▶ [What is being asked] Below are several records. Retype exactly those lines running from the one with "Une lampe de" through the one with "Página para colorear", end lines included, and no others.

▶ [Records for processing]
++++++++++

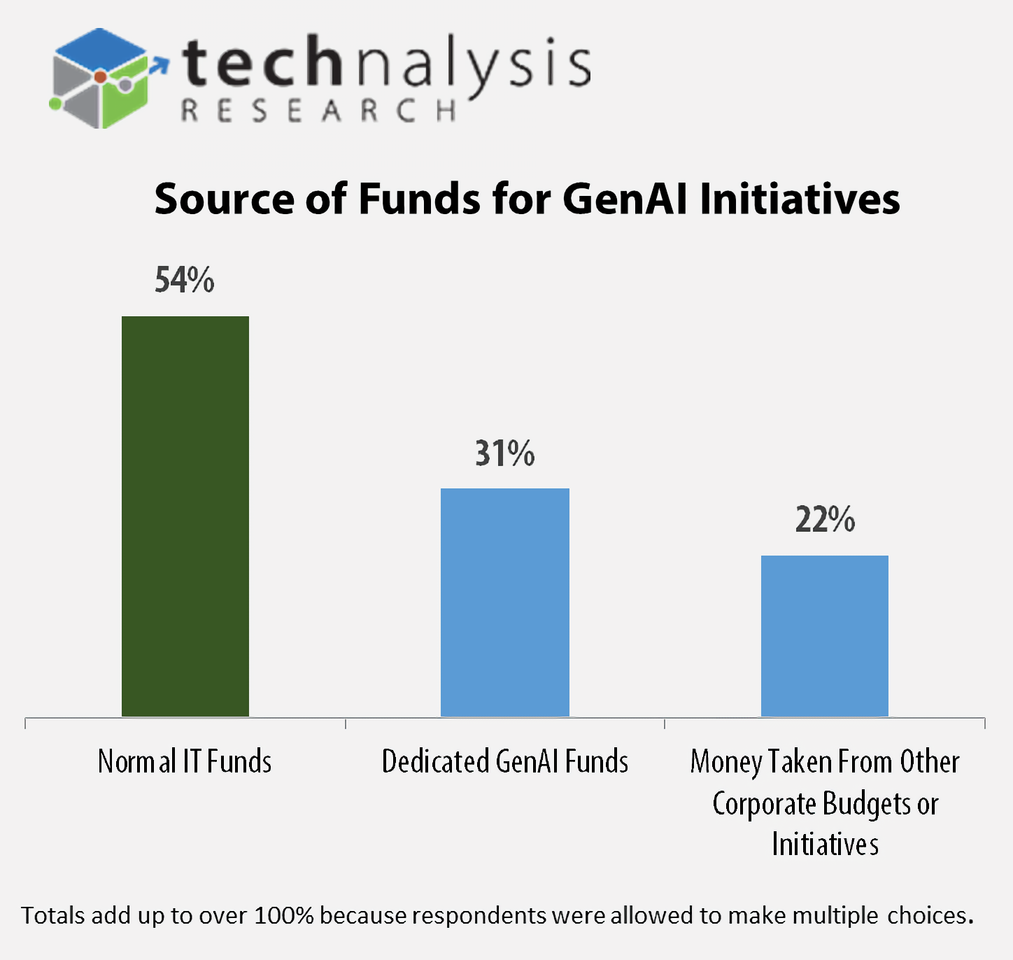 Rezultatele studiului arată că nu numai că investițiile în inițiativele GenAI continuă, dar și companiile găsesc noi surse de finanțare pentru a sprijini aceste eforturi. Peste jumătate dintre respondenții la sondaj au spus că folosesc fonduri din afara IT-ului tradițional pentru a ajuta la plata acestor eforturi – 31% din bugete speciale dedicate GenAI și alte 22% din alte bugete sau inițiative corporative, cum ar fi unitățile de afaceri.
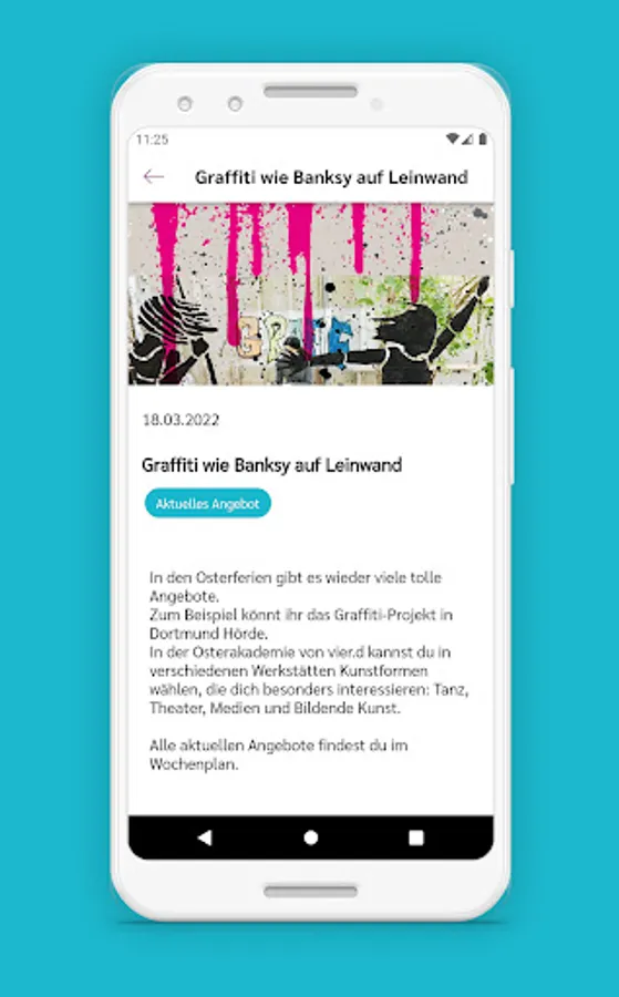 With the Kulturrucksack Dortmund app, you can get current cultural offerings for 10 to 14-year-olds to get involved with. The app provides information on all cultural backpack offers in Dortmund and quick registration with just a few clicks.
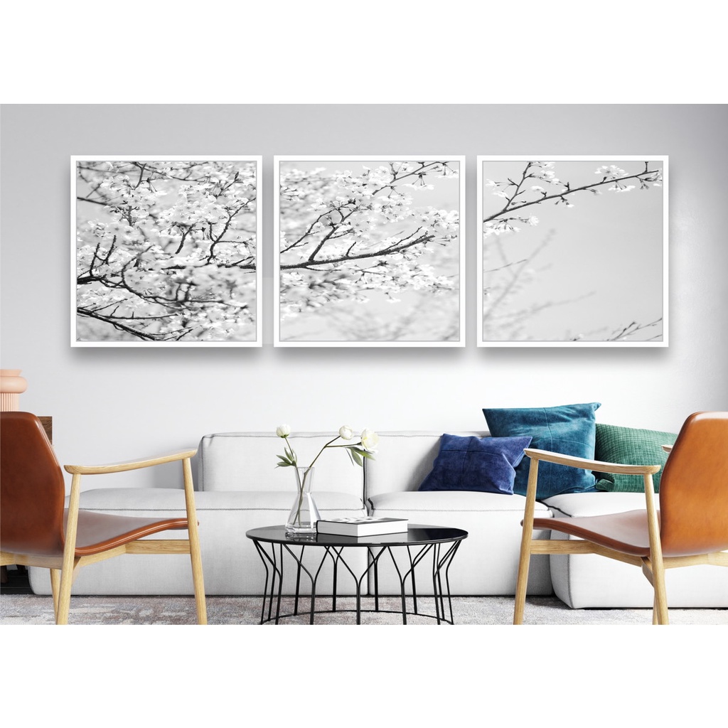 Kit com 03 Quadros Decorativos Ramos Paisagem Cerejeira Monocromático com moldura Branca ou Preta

++++++++++

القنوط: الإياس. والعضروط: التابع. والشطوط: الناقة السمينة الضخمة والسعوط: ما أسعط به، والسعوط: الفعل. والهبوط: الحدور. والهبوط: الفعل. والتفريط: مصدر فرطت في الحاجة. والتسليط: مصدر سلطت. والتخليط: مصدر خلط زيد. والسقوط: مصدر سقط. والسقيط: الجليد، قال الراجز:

++++++++++

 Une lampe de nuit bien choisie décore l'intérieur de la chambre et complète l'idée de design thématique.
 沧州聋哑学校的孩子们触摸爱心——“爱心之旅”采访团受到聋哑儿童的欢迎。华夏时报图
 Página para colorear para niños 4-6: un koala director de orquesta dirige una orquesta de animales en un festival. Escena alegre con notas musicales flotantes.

++++++++++

▶ [Exercise output]
 Une lampe de nuit bien choisie décore l'intérieur de la chambre et complète l'idée de design thématique.
 沧州聋哑学校的孩子们触摸爱心——“爱心之旅”采访团受到聋哑儿童的欢迎。华夏时报图
 Página para colorear para niños 4-6: un koala director de orquesta dirige una orquesta de animales en un festival. Escena alegre con notas musicales flotantes.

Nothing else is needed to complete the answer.